Postby Roger Stanyard » Sun Jan 06, 2008 9:41 pm

I must admit I am confused by the following paper. It seems to contradict my understanding of the last 35,000 years or so in Europe.

Climate Change Put Big Chill on Neandertals, Study Says

James Owen
for National Geographic News
January 3, 2008

Neandertals in western Europe were ravaged by an increasingly
hostile climate rather than an invasion of modern humans, according
to new research.

Beset by freezing conditions and food shortages, populations of
Neandertals (often spelled "Neanderthals") dwindled between 40,000
and 35,000 years ago, the research suggests.

Modern humans, meanwhile, didn't settle western Europe until much
later than had been thought, the study says.
The findings challenge the commonly held view that modern humans
migrated to Europe from Africa about 40,000 years ago and quickly
outcompeted or slaughtered their hairy, thickset cousins.
Instead, the new research supports the theory that Neandertals gave
rise to the first modern humans in Europe.

Neandertals were the prehistoric ancestors of western Europeans,
said Eugène Morin of Canada's Trent University in Ontario, lead
author of the new study.

Morin argues that Neandertal populations thinned out gradually as
Europe's environment became harsher, with some groups going extinct.
But climate stresses may have wrought evolutionary adaptations in
surviving Neandertals, leading them to develop characteristics like
those of modern humans, Morin added.
"Neandertals adapted to this harsher climate by expanding their
social networks, a process that allowed the diffusion of 'modern
traits' into the Neandertal gene pool," he said.
Some modern humans may have migrated to Europe during this period,
Morin added, "but I don't think it happened to the large scale
implied by many scholars."

Such an influx probably didn't occur until about 10,000 years ago,
with the spread of agriculture from the Middle East, he said. (See
an interactive map of ancient human migration

The new study, published in the current issue of the Proceedings of
the National Academy of Sciences, is based on mammal remains from
Saint-Césaire, a Stone Age site in southwestern France.
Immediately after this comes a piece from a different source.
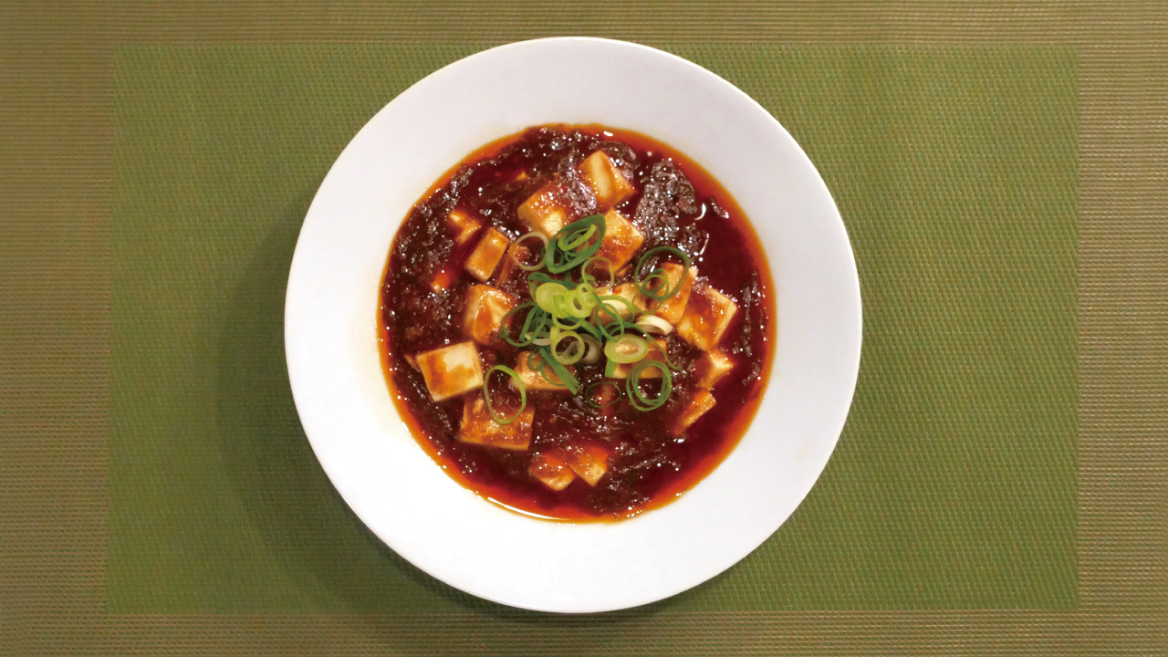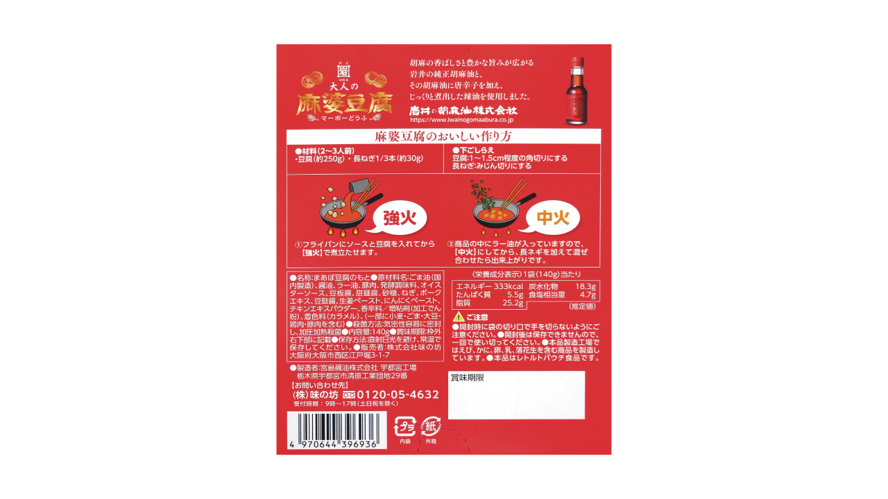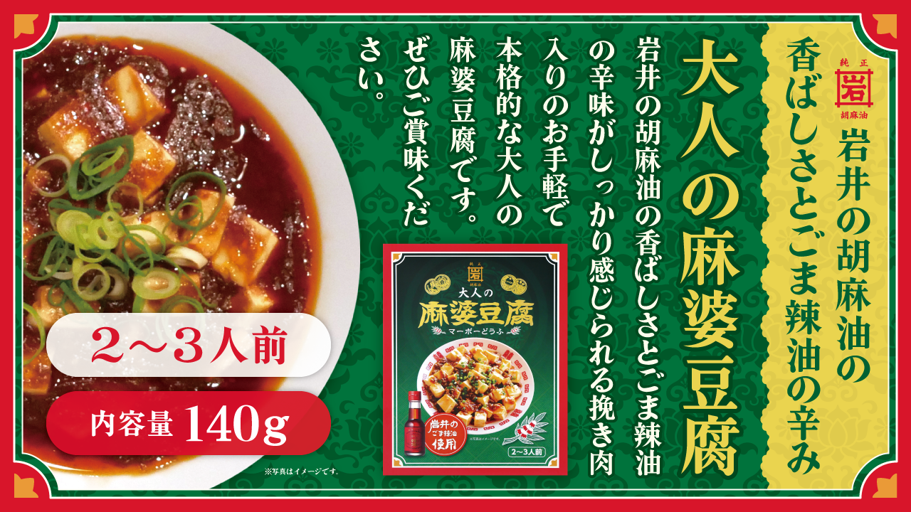 岩井の胡麻油の香ばしさとごま辣油の辛味がしっかり感じられる挽肉入りのお手軽で本格的な大人の麻婆豆腐をお愉しみください。

Analysis of bones found there suggests a decrease in the variety of
large mammals that prehistoric hunters would have targeted, the
study found.

Prey species found at the site include bison, horses, red deer, and

Unlike the other species, however, reindeer became increasingly
abundant about 40,000 years ago, the evidence suggests.
The ratio of reindeer bones at the French site rose from 35 to 87
percent during this period, Morin said, indicating a rapidly cooling

Remains of a tundra-dwelling rodent species, the narrow-skulled
vole, likewise suggest suddenly colder conditions.
"About 40,000 years ago, the diversity of animals that could be
hunted shrank severely, and that would have impacted human
populations," Morin said.

This shift coincides with a period called the Middle/Upper
Paleolithic transition, a period marked by significant changes in
early-human culture, including the use of more sophisticated stone
tools, he added.
But "there were fewer people around after the transition than
before," he said.
Neandertals' reliance on reindeer would have been especially risky,
since the mammals experienced extreme fluctuations in population,
Morin said.
"This was also likely to have impacted human populations that
depended on them," the anthropologist said.
Furthermore, if large mammals such as bison and horses were frozen
out of the region, there wouldn't have been enough prey to support
incoming modern-human migrants from Africa, he added.

Were Modern Humans More Prepared?

Paul Mellars, professor of human evolution at the University of
Cambridge, U.K., said the new study provides a good analysis of the
mammal fauna and climate during the transition period.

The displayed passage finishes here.